Records from a collection

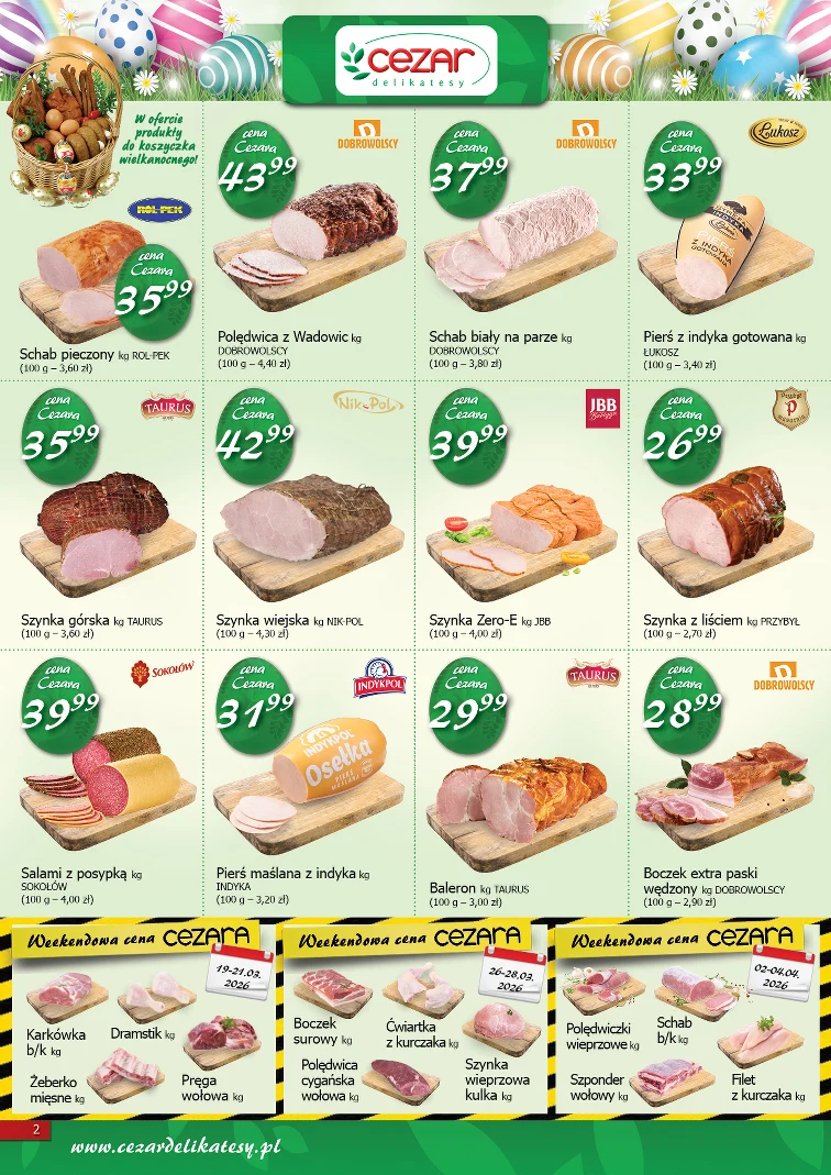 З 2026-03-19 до 2026-04-04 у газеті Delikatesy CEZAR діють акції на такі товари:
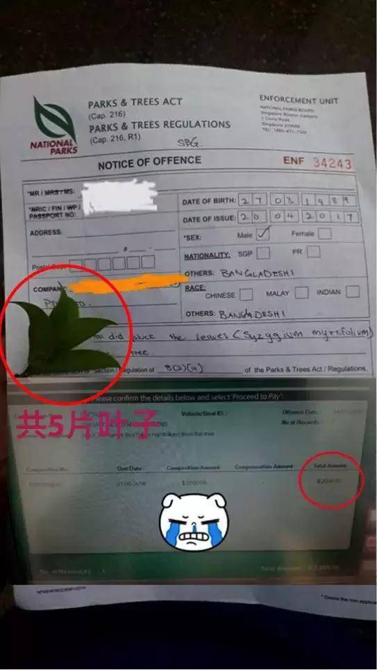 广告直到大家看到这位28岁的孟加拉小哥在网上晒出的罚单才信,是的,就那么一小撮,5片叶子,被足足罚了2000新元!
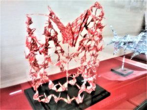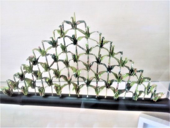 へ~、「1枚の紙から切れ目なく折られた…」そういうのもあるのですね。何も知らず何も考えず、ただ「おう珍しい!」と思ってパチリと撮っただけです。   1つ目のは沢山の折鶴をボンド?でピラミッド状にくっつけたように見えました。2つ目のは、今度行ったときにでも問屋さんに確認しておきます。
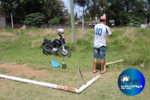 Foi acionada a Polícia Militar, que esteve presente no local (CAMPO DO VOLANTE) e registrou um BO para futuras providências.
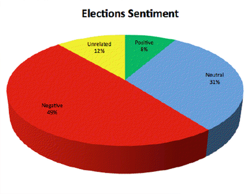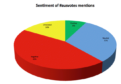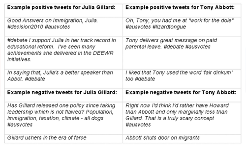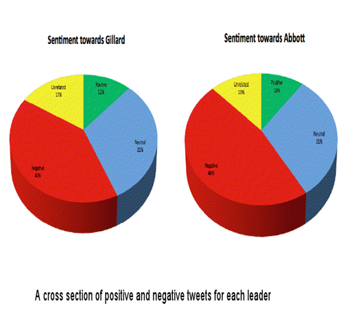 Most negative sentiment was about Abbott. Gillard and Abbott positive sentiment the same.Accurately gauging the sentiment of the electorate requires more modern techniques and technology than the two dimensional worm or Nielsen Polls.
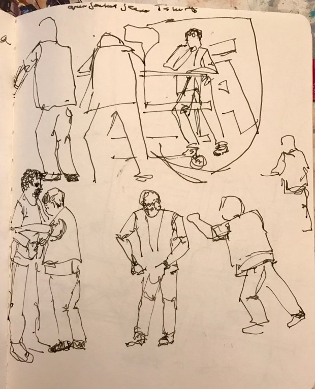 Here’s the original sketch. I painted these after I got home. Colors used Quin coral, gold,burnt orange. Cerulean and hematite geeen on windows with ultramarine and burnt umber shadows. The building is Quin coral and burnt umber. Their jackets are Lemon yellow and hematite green. The sign is ultramarine and mineral purple.
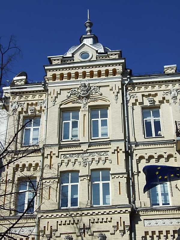 Фрагмент 3-4-го поверхів Розмір зображення: 600:800 піксел 8 квітня 2009 р. Фото М.І.Жарких. Вкладені елементи Вікна 4-го поверху (+) Вікно 3-го поверху
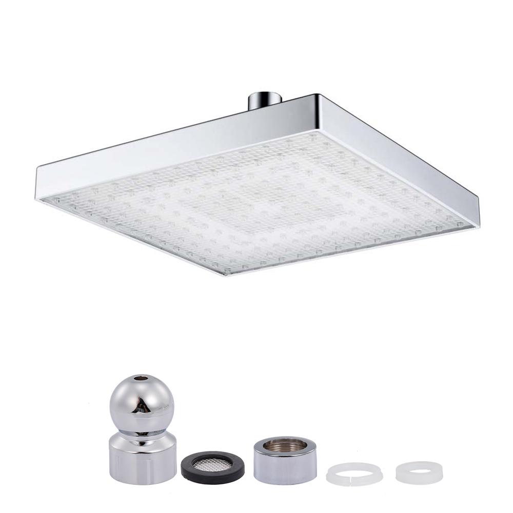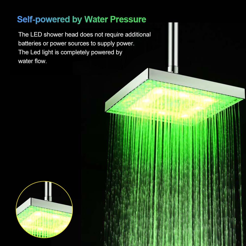 Это 8-в квадратных осадков душевой головки со светодиодными огнями может вытекает из воды с великолепным светодиодным светом светящиеся. Он полностью питается от потока воды, нет необходимости в дополнительных батарей или источников питания. Светодиодная душевая головка может сделать вашу душевую комнату красочной мечтой мира, и сделать монотонное купание весело и романтично.
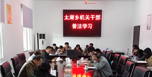 为积极推进“六五”普法,弘扬法治精神,建设法治文化,在全乡营造良好法治氛围。太湖乡组织全体机关干部进行普法学习,这也是太湖乡干部讲坛的主题活动之一。
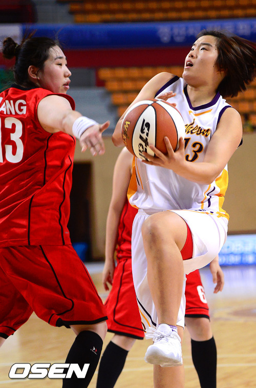 16일 오후 경산실내체육관에서 열린 'KDB금융그룹 2013 여자농구 챌린지컵' 김천시청과 부산시체육회의 경기는 김천시청이 64-56으로 부산체육회를 꺾고 승리를 거뒀다.
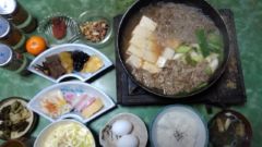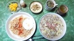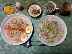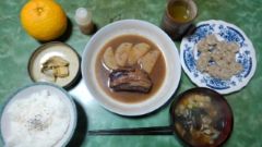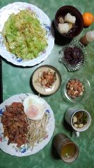 今日の夕食は焼肉、卵、モヤシ、塩焼きそば、お新香、スープ、日本茶、ミカン、お汁粉、餡子、ナッツ、乳酸菌飲料。焼肉は豚のシロの味噌だれ焼きとモヤシ炒めと目玉焼き。塩焼きそばは塩味でキャベツを入れて焼いたもので、フライドオニオンを添えて。お新香は白菜。スープはネギとワカメと切り干し大根と煮干し。デザートはお汁粉(餅、栗、餡子)、餡子(栗のせ)、ナッツ、乳酸菌飲料。
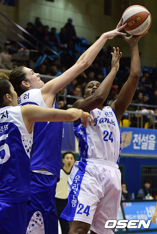 5일 오후 경기도 구리시체육관에서 열린 'KB국민은행 2014-2015 여자프로농구' KDB 생명과 우리은행의 경기, 3쿼터 우리은행 휴스턴의 슛을 KDB생명 테일러가 수비하고 있다.
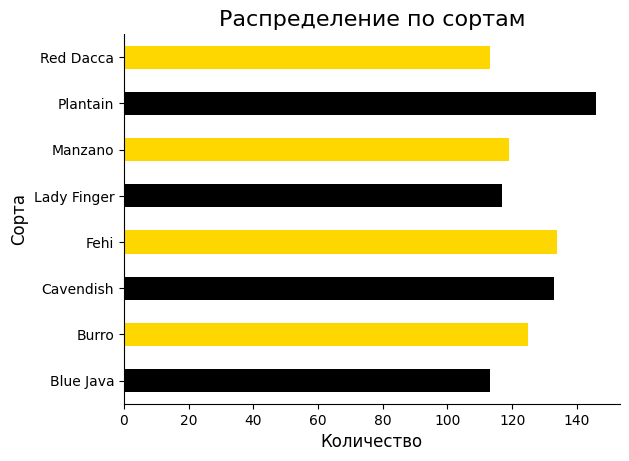 На представленном графике, иллюстрирующем распределение различных сортов бананов, можно наблюдать, что все сорта занимают примерно одинаковые позиции. Тем не менее, сорт Plantain выделяется на фоне остальных, занимая лидирующую позицию. Это может указывать на его превосходные характеристики или адаптивность в условиях.
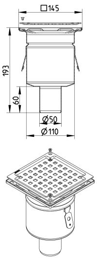 Wpust łazienkowy, ruszt kwadratowy, odpływ pion DN =50 mm, stal kwasoodporna
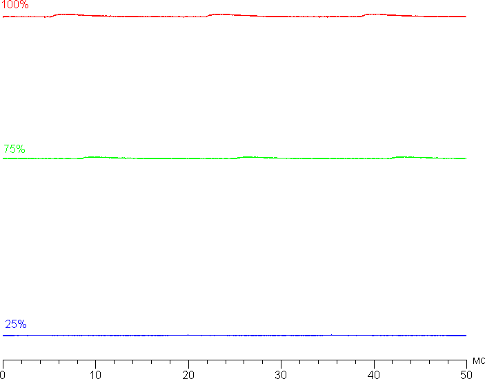 На любом уровне яркости значимая модуляция подсветки отсутствует, поэтому нет и никакого мерцания экрана. В доказательство приведем графики зависимости яркости (вертикальная ось) от времени (горизонтальная ось) при различных значениях настройки яркости:
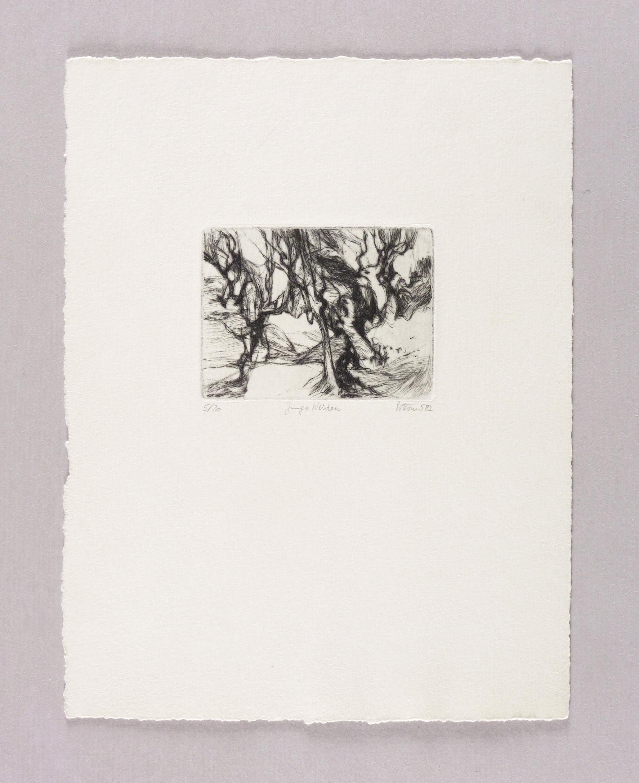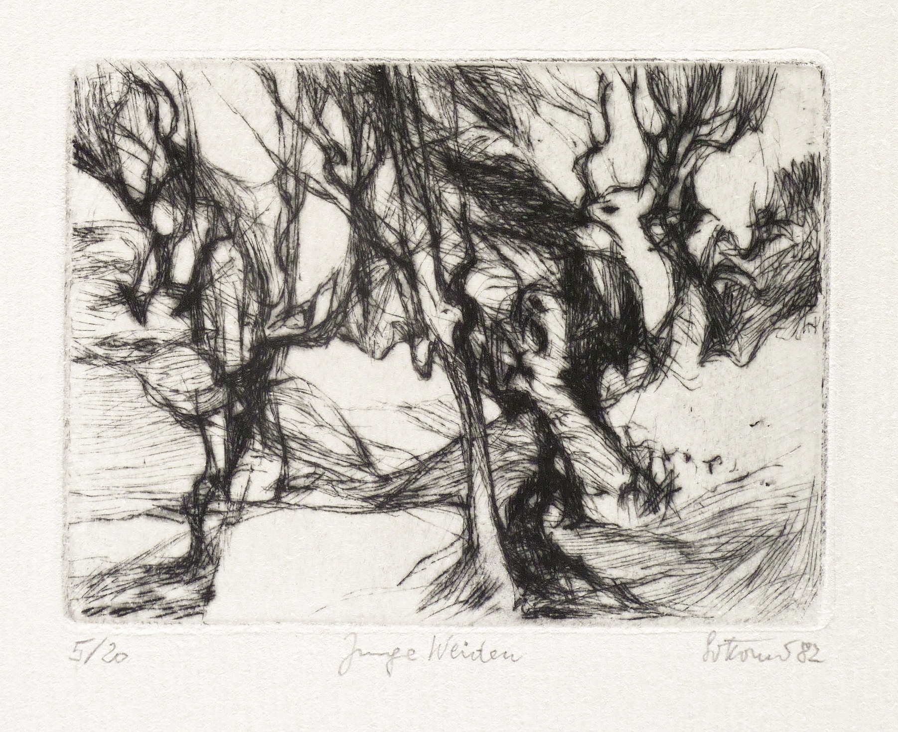 Rechts unten in Bleistift signiert und datiert: ″GKörner 82″. Links Auflagenbezeichnung und Titel: ″5/30 // Junge Weiden″. – Sehr guter Zustand.

* [Task requirements]
I'd like the lines above repeated exactly, from the one that contains "Here’s the original" through the one that contains "16일 오후 경산실내체육관에서", with no pictures.

* [Task solution]
 Here’s the original sketch. I painted these after I got home. Colors used Quin coral, gold,burnt orange. Cerulean and hematite geeen on windows with ultramarine and burnt umber shadows. The building is Quin coral and burnt umber. Their jackets are Lemon yellow and hematite green. The sign is ultramarine and mineral purple.
 Фрагмент 3-4-го поверхів Розмір зображення: 600:800 піксел 8 квітня 2009 р. Фото М.І.Жарких. Вкладені елементи Вікна 4-го поверху (+) Вікно 3-го поверху
 Это 8-в квадратных осадков душевой головки со светодиодными огнями может вытекает из воды с великолепным светодиодным светом светящиеся. Он полностью питается от потока воды, нет необходимости в дополнительных батарей или источников питания. Светодиодная душевая головка может сделать вашу душевую комнату красочной мечтой мира, и сделать монотонное купание весело и романтично.
 为积极推进“六五”普法,弘扬法治精神,建设法治文化,在全乡营造良好法治氛围。太湖乡组织全体机关干部进行普法学习,这也是太湖乡干部讲坛的主题活动之一。
 16일 오후 경산실내체육관에서 열린 'KDB금융그룹 2013 여자농구 챌린지컵' 김천시청과 부산시체육회의 경기는 김천시청이 64-56으로 부산체육회를 꺾고 승리를 거뒀다.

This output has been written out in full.